I believe that you did the right thing and that you have nothing to feel guilty about. First of all, you owe it to your children to make sure that they grow up in a safe, loving environment and not around drug users. Secondly, the reason that your fiance hates them is the way that they have treated you. He really loves and cares about you and doesn't want to see you hurting. Third, you owe it to yourself to cut yourself free of an abusive relationship from your family. They have done nothing but abuse and hurt you and nothing else. I am proud of you for what you did and it gives me the courage to stand up to my controlling mother. Just don't allow them to guilt trip you anymore because you have done nothing wrong in my book .


----------



## sfj (Jan 15, 2012)

A lot of addicts have issues with control. The same is true for "recovering addicts". Just because somebody has given up drugs and is in "recovery" doesn't mean they have turned into perfect saints. A recovering addict can still be a control freak. I would seriously consider why your fiance is asking you to cut your family out of your life. Nothing like a recovering addict having NO compassion for others who are in the same boat they were once in... sorry but this is a red flag to me.

I'm not saying that you should tolerate bad behavior in your presence, around your children, or in your home. You should not tolerate it at all, and be crystal clear about that, but cutting your family out of your life completely is extremely harsh, imo, and is not a decision somebody else should be making for you.
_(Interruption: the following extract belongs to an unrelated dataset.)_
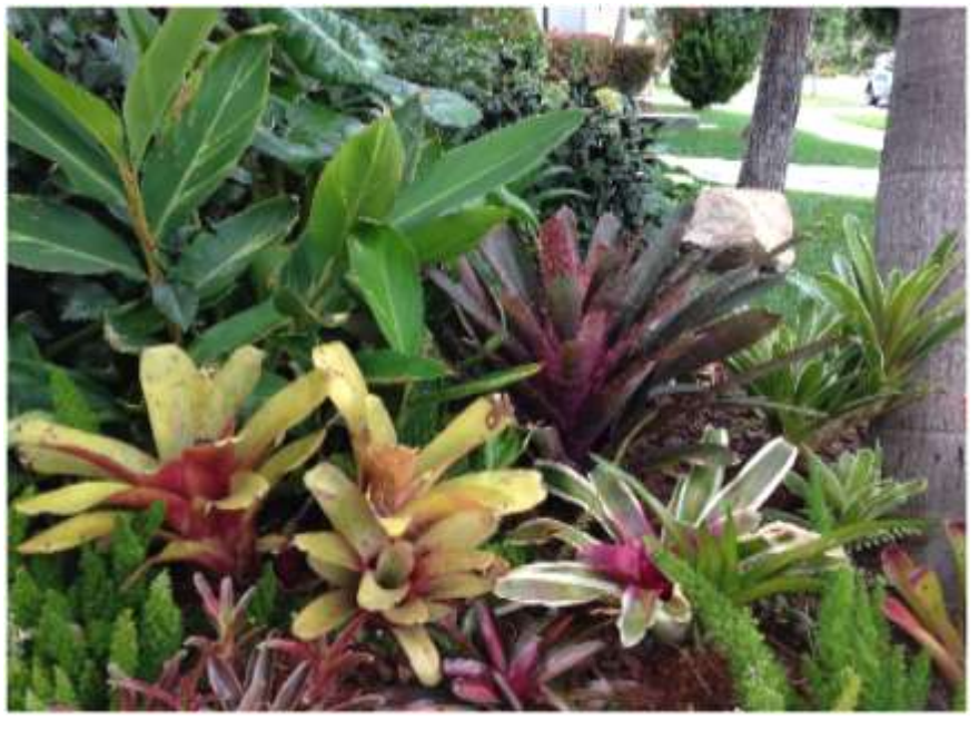
Aechmea 'rajah', vriesea hybrid, assorted Neoregelias with ginger and asparagus ferns in garden bed.

landscape use around the Southern California coast. Which other plant family combines the look of the tropics and xeriscape water needs? Yes, bromeliads might be too expensive to use outdoors, where it's survival of the fittest. Here at home. hazards include trampling by children, scorching by leaf blower, poisoning by dog urine, and mysterious critters that eat spiny plants. There are nightmare scenarios: The unlikely threat of a winter frost haunts my dreams. God forbid we have the hot dry Santa Anna winds... Plus, I find there's a lack of literature in growing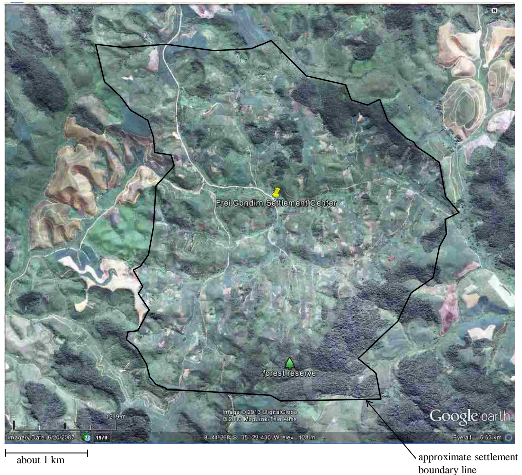
Figure 4.6: The Frei Gondim Settlement from space

To me it looks like you need to learn how to establish boundaries with all the people in your life, including your fiance. He has no right to give you an ultimatum concerning your family. He can chose to stay away from them, and that is HIS right, but to tell you "it's me or them" is pure BS, imo.


----------



## Mimi10 (Feb 27, 2012)

Well I think it probably will be healthier to spend a small amount of time with your family until they get the help they need. However, it is not your fiancée place to make you leave your family. To me that's a form of control rather than love. My husband tried doing that and I know how hurtful and wrong it was.
_Posted via Mobile Device_


----------



## PBear (Nov 16, 2010)

Just because he's your fiancée doesn't mean he's right, or that he's not an ass. Personally, I'd take this as a sign of how you'll be treated if you don't do things "his way". Ask yourself if you'd like to be treated the way he's treating your family.

C
_Posted via Mobile Device_


----------



## CantePe (Oct 5, 2011)

In regards to your addict family:

"At some point you will realize that you have done too much for someone, that the only next possible step to do is to stop. Leave them alone. Walk away. It's not like you're giving up and shouldn't try. It's just that you have to draw the line of determination from desperation. What is truly yours would eventually be yours, and what is not, no matter how hard you try, will never be yours."

I don't remember where I found the quote, but it applies. It's about detaching from their issues and problems - addictions. It's not you who can fix them, they don't want to be fixed (yet or never for some). The only people who can fix your mom and sister is your mom and sister.

Your children, your family deserve better than their problems and addiction life style. You cannot help them, you will not help them but you can help yourself and your children and spouse by removing yourself from mom and sister. They are dragging not only your relationship down and into chaos\danger but YOUR CHILDREN.

Practice detachment, look up detachment 101 on google.


----------